What the task requires — Reproduce all of the data exactly. Images are not to appear in the reply.

Source material section start

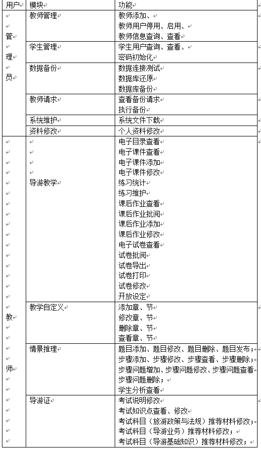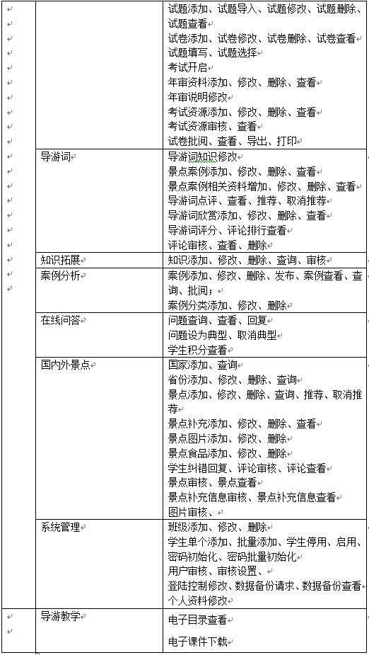 教師主(zhu)要功能包括(kuo)班級學生管(guan)(guan)理(li)(li)(li)(li)、導(dao)(dao)游(you)(you)基礎知(zhi)識(shi)管(guan)(guan)理(li)(li)(li)(li)、國內導(dao)(dao)游(you)(you)知(zhi)識(shi)管(guan)(guan)理(li)(li)(li)(li)、國外(wai)導(dao)(dao)游(you)(you)知(zhi)識(shi)管(guan)(guan)理(li)(li)(li)(li)、情景題目管(guan)(guan)理(li)(li)(li)(li)、導(dao)(dao)游(you)(you)證(zheng)考(kao)試(shi)資料管(guan)(guan)理(li)(li)(li)(li)、模擬考(kao)試(shi)、導(dao)(dao)游(you)(you)詞管(guan)(guan)理(li)(li)(li)(li)、導(dao)(dao)游(you)(you)案例管(guan)(guan)理(li)(li)(li)(li)、知(zhi)識(shi)拓展、案例分析管(guan)(guan)理(li)(li)(li)(li)、在線問答、國內外(wai)景點信(xin)息管(guan)(guan)理(li)(li)(li)(li)等。
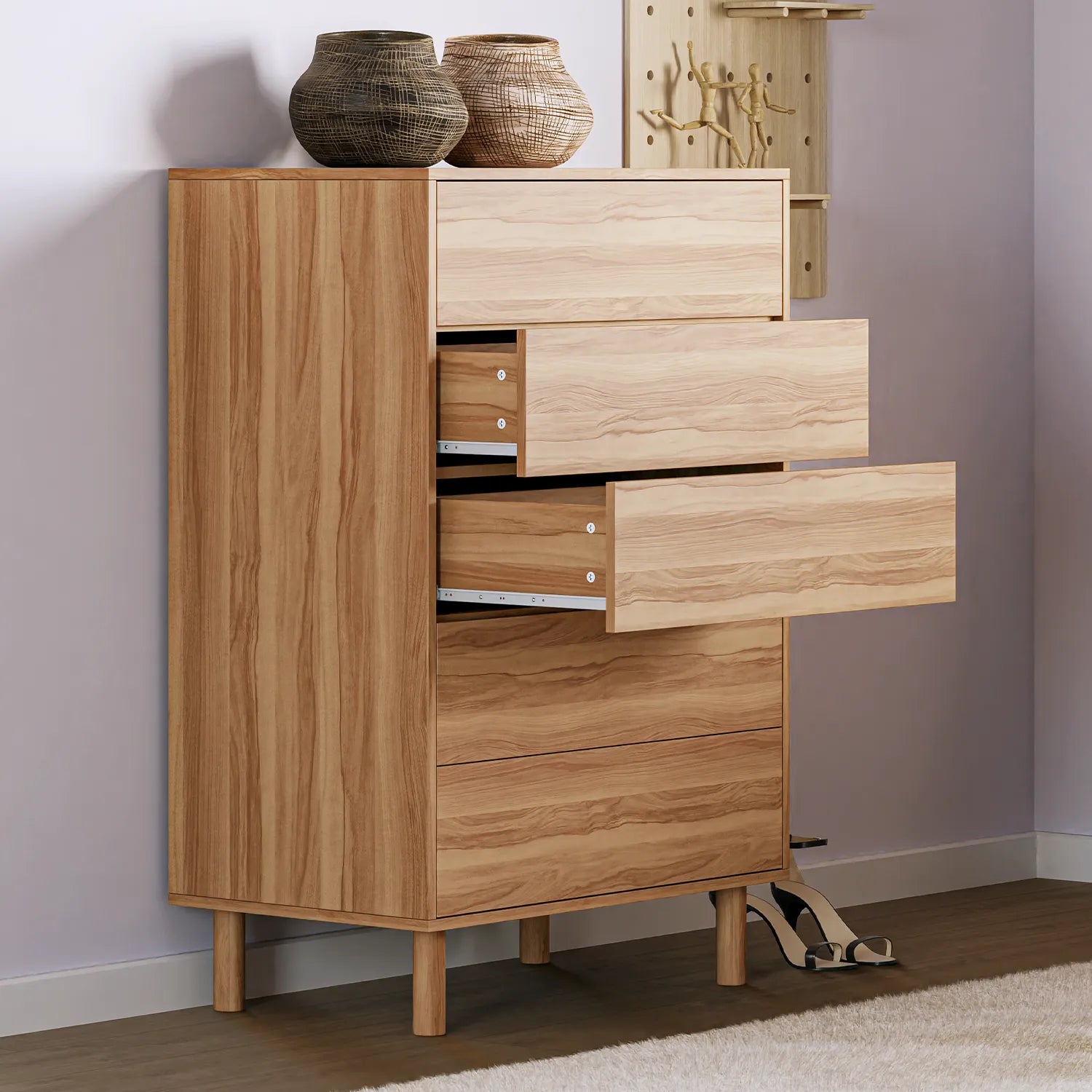 Simplifiez votre rangement avec la commode PŪRE. Son design intemporel de couleur bois naturel et ses 5 tiroirs spacieux en font un meuble à la fois pratique et élégant. Idéal pour maximiser l’espace, tout en ajoutant une touche chaleureuse et minimaliste à votre intérieur.
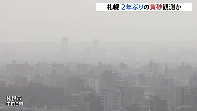 きょうからあすにかけて日本の広い範囲で黄砂の飛来が予測されています。きょう午前の札幌市の様子です。黄砂の影響か、あたりは白くもやがかかり、遠くにみえる札幌ドームもかすんでいます。黒い車のボンネットに…
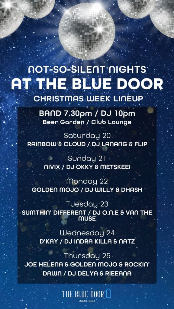Doesn’t matter if you’re on Santa’s naughty or nice list because either way, we’re gearing up for a sensational Not-So-Silent Festive Season at The Blue Door in Ubud! We’re transforming our venue into the island’s most energetic holiday hotspot, where the celebration runs non-stop across our Beer Garden and Club Lounge from December 20th through December 31st New Years.
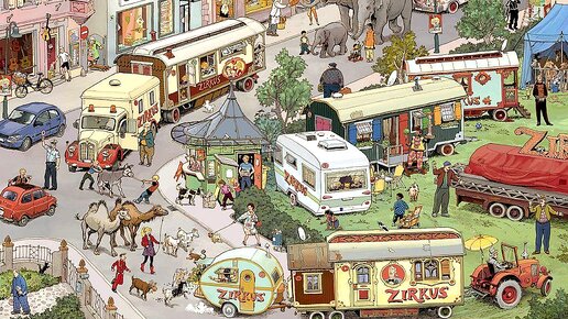 Одно из любимых занятий детей - рассматривать картинки, ведь так они познают мир и взаимодействие в нём. А немецкий иллюстратор Питер Кнорр как нельзя лучше даёт такую возможность. В его иллюстрациях можно заблудиться, можно долго гулять по нарисованным улицам и следить за происходящими событиями. За каждым поворотом мы видим новую сценку, за каждым деревцем разворачивается новая история жизни. Если сложить все картинки, кажется, перед нами предстанет целый город со всеми его районами от центра до окраин...
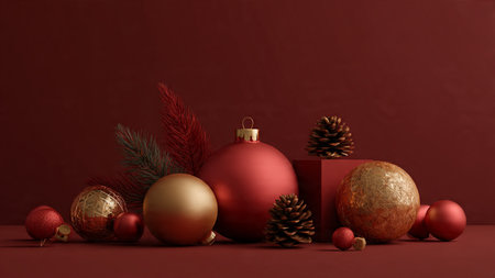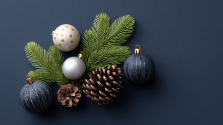 A visually appealing arrangement of decorative Christmas ornaments and pine cones, perfect for enhancing festive holiday celebrations and winter decor.
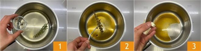 Para preparar os spaghetti com creme de alho negro, alcaçuz e avelãs, primeiro prepare a manteiga ácida: despeje o vinho branco em uma panela, em seguida, adicione os ramos de tomilho e os grãos de pimenta 1. Acenda o fogo e deixe reduzir em fogo alto até que todo o álcool tenha evaporado. Neste ponto, desligue o fogo, remova o tomilho e a pimenta 2 e adicione alguns cubos de manteiga fria da geladeira 3.
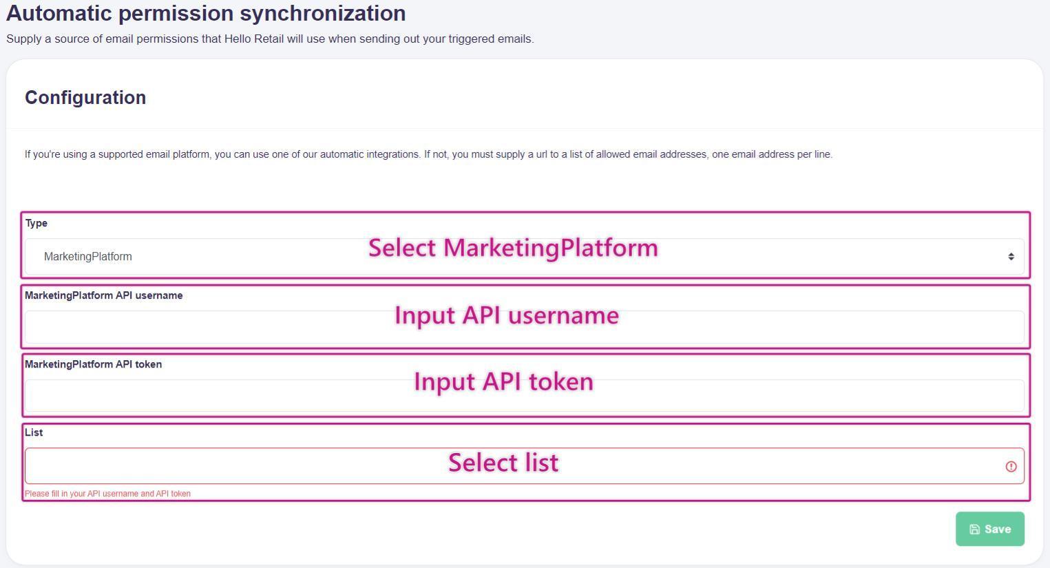 - The list field will start to load a drop-down list of your mailing/contact lists from your MarketingPlatform account - once this is loaded, please select the list that you want to synchronise with.

Source material section end

Worked solution —
 教師主(zhu)要功能包括(kuo)班級學生管(guan)(guan)理(li)(li)(li)(li)、導(dao)(dao)游(you)(you)基礎知(zhi)識(shi)管(guan)(guan)理(li)(li)(li)(li)、國內導(dao)(dao)游(you)(you)知(zhi)識(shi)管(guan)(guan)理(li)(li)(li)(li)、國外(wai)導(dao)(dao)游(you)(you)知(zhi)識(shi)管(guan)(guan)理(li)(li)(li)(li)、情景題目管(guan)(guan)理(li)(li)(li)(li)、導(dao)(dao)游(you)(you)證(zheng)考(kao)試(shi)資料管(guan)(guan)理(li)(li)(li)(li)、模擬考(kao)試(shi)、導(dao)(dao)游(you)(you)詞管(guan)(guan)理(li)(li)(li)(li)、導(dao)(dao)游(you)(you)案例管(guan)(guan)理(li)(li)(li)(li)、知(zhi)識(shi)拓展、案例分析管(guan)(guan)理(li)(li)(li)(li)、在線問答、國內外(wai)景點信(xin)息管(guan)(guan)理(li)(li)(li)(li)等。
 Simplifiez votre rangement avec la commode PŪRE. Son design intemporel de couleur bois naturel et ses 5 tiroirs spacieux en font un meuble à la fois pratique et élégant. Idéal pour maximiser l’espace, tout en ajoutant une touche chaleureuse et minimaliste à votre intérieur.
 きょうからあすにかけて日本の広い範囲で黄砂の飛来が予測されています。きょう午前の札幌市の様子です。黄砂の影響か、あたりは白くもやがかかり、遠くにみえる札幌ドームもかすんでいます。黒い車のボンネットに…
Doesn’t matter if you’re on Santa’s naughty or nice list because either way, we’re gearing up for a sensational Not-So-Silent Festive Season at The Blue Door in Ubud! We’re transforming our venue into the island’s most energetic holiday hotspot, where the celebration runs non-stop across our Beer Garden and Club Lounge from December 20th through December 31st New Years.
 Одно из любимых занятий детей - рассматривать картинки, ведь так они познают мир и взаимодействие в нём. А немецкий иллюстратор Питер Кнорр как нельзя лучше даёт такую возможность. В его иллюстрациях можно заблудиться, можно долго гулять по нарисованным улицам и следить за происходящими событиями. За каждым поворотом мы видим новую сценку, за каждым деревцем разворачивается новая история жизни. Если сложить все картинки, кажется, перед нами предстанет целый город со всеми его районами от центра до окраин...
 A visually appealing arrangement of decorative Christmas ornaments and pine cones, perfect for enhancing festive holiday celebrations and winter decor.
 Para preparar os spaghetti com creme de alho negro, alcaçuz e avelãs, primeiro prepare a manteiga ácida: despeje o vinho branco em uma panela, em seguida, adicione os ramos de tomilho e os grãos de pimenta 1. Acenda o fogo e deixe reduzir em fogo alto até que todo o álcool tenha evaporado. Neste ponto, desligue o fogo, remova o tomilho e a pimenta 2 e adicione alguns cubos de manteiga fria da geladeira 3.
 - The list field will start to load a drop-down list of your mailing/contact lists from your MarketingPlatform account - once this is loaded, please select the list that you want to synchronise with.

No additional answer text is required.